Nice Ice, Chill Winds



Postcards from my muskrat cousins are pouring in.  They are relieved that there is ice this winter under which to hide from hungry eagles and other hawk-eyed birds (such as hawks).  Some muskrats tell me they even pop up onto the surface of the ice at night, through holes the ice fishermen make, and slip-slide around under the light of the moon.  

And I thought river rats had fun.

This River Rat is having no fun anticipating the chill winds blowing down from the state Capitol.  When it comes to conservation, it is nothing but ill chill winds.














The biggest gust of ill wind is mining legislation. (To paraphrase Dylan, we should call these idiot winds.)  Lawmakers, with the governor’s approval, are poised to pass a bill that would rip a hole in northern Wisconsin a quarter mile wide by up to 15 miles long and nearly 2,000 feet deep.  They’re also itching to blow up a “mining moratorium” law, in place since the mid 1990s, that has successfully prevented mining that would cause the dreaded acid mine drainage.

The governor wants an income tax decrease, which he will get.  If you reduce revenue to state coffers, you gotta reduce costs, and that likely means state employees will get whacked.  Legislators’ favorite target to starve is the state’s guardian of natural resources, the DNR.

Frac away
And you know all that valuable frac sand being mined and shipped out of state – an extremely valuable commodity without which the domestic natural gas and oil boom couldn’t be?  It leaves Wisconsin, free of charge, and the local communities that pay the price for the environmental and social disruption, get nothing.  Nor does the state.  Wisconsin is a now a player in the oil industry, but it’s dressed up like a bar-sponsored softball team playing Major League Baseball.

Hostility to conservation is not unique to the Legislature. It starts, and it prospers, at the top, with Governor Walker.  He gives his annual state of the state speech next week.  Here’s an opportunity for the Gov surprise us. Rat offers this simple language to be inserted into the speech.   This is not tree-hugging, blow-up-the-ship-to-save-the-whales rhetoric here; it’s pragmatic and common sense. 
Water cannot be afterthought.  There is no economy, there is no life, without clean and plentiful water. 
 
Hang around your radio the night of January 15 and see if the Gov works any of Rat’s fine prose into his speech. 

I know what you’re thinking – that’s as likely as muskrats enjoying ice in July. But it's worth a try.
 
  
The State of the State’s Waters
Wisconsin is defined by water – our borders, our name, our economy, our identity, are formed and shaped by water.

Water is essential to who we are and what we do – as manufacturers, utilities, farmers and service providers who depend on water to do their business, and as people who have fun in and by the water. 

It is essential that we protect our water – both its quality and its quantity – vigorously, systematically and with the seriousness it deserves.  Our economy, our quality of life, and our future as a state depend on it. 

It will be my (Gov.

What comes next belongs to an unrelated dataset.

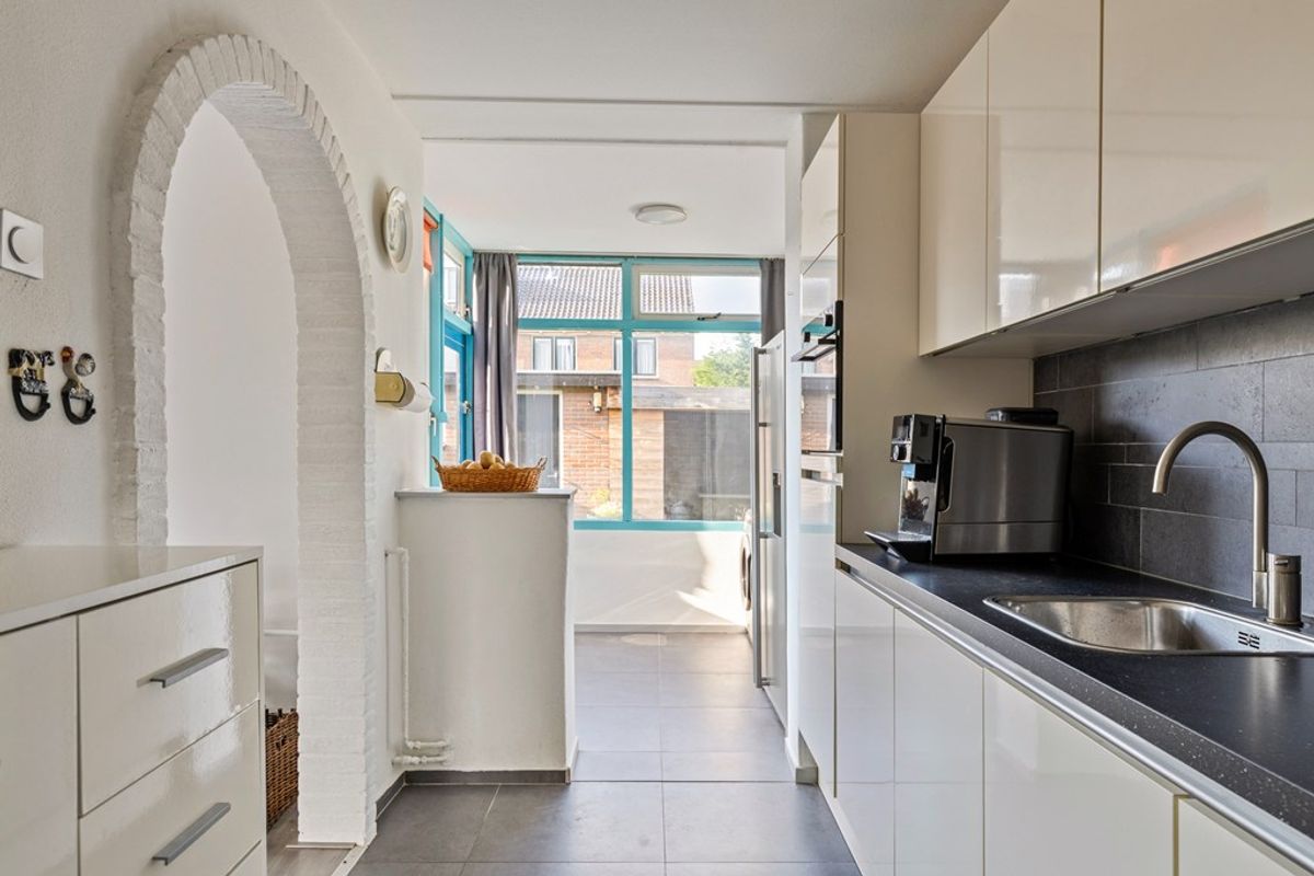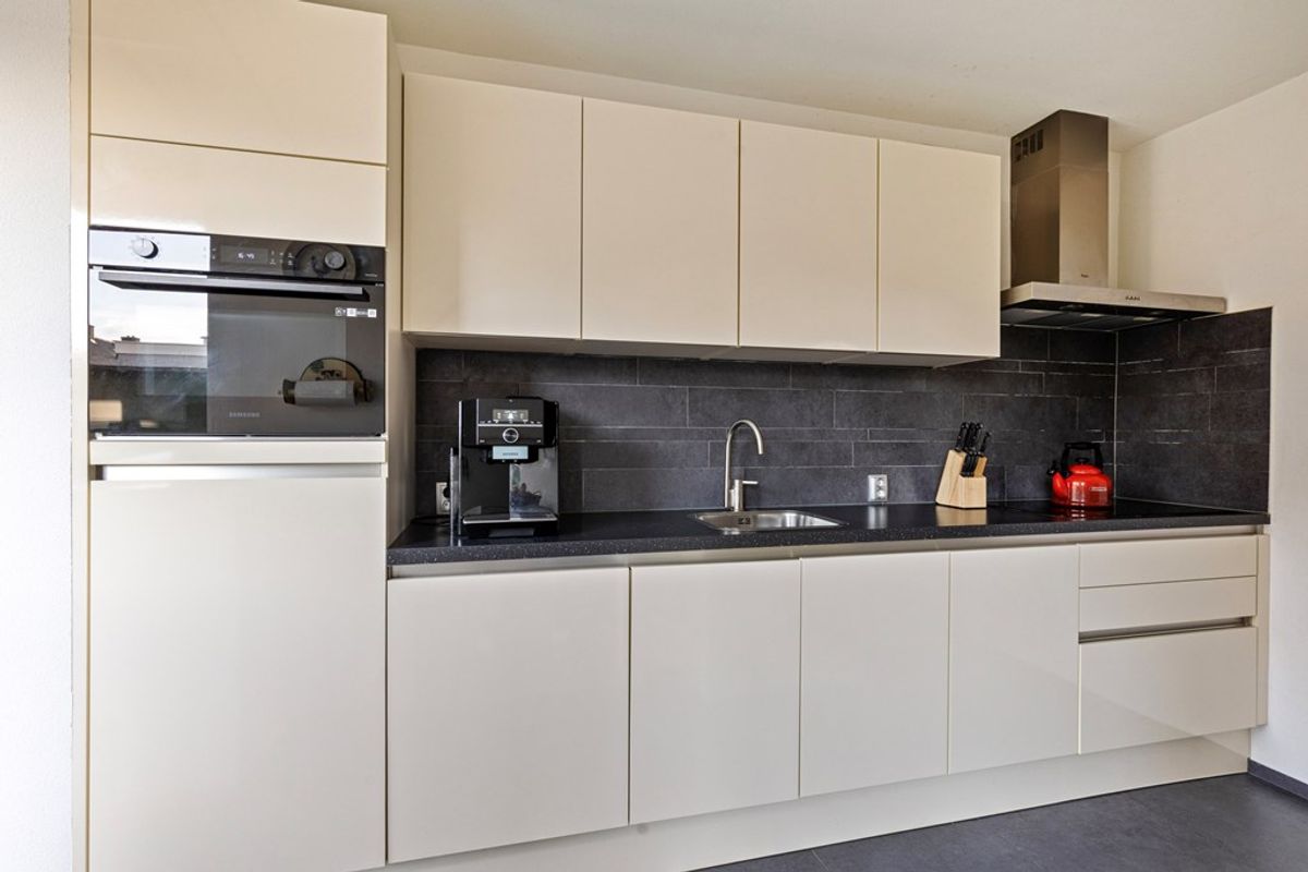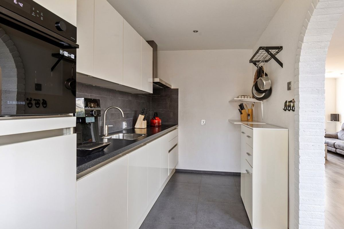 Via de ronde toog loopt u de keuken in, die vanwege de gedeeltelijke tussenwand veel ruimte biedt. Grappig detail is het stalraampje tussen de woonkamer en keuken in. Nette, moderne keuken in een rechte opstelling met kunststof werkblad. Inbouwapparatuur: inductie kookplaat (2015), afzuigkap en een combi oven-magnetron (2023). De losse koelvries-combinatie blijft voor u achter. Op de vloer ligt een praktische donkergrijze tegel.

Scott Walker) administration’s policy to mobilize those state agencies and offices equipped to defend the public trust to protect our water.  


  • ·         We will ensure that drinking water drawn from underground sources will not be depleted. 
  • ·         We will also ensure that that same groundwater – the drinking water for 90% of Wisconsin residents – will be protected from contamination by pesticides, nitrates, bacteria, viruses and other pollutants. 
  •          We will work to reduce to the greatest extent possible the pollution of our surface waters of algae-producing phosphorus and keep the soil that delivers that phosphorus on the land. 
  •   ·         We will strive to limit, even eliminate, exotic plants and animals that wreak havoc on our waters and cause tens of millions of dollars of damage. 
  • ·         We will follow the letter and the spirit of the Great Lakes Compact to protect our Great Lakes.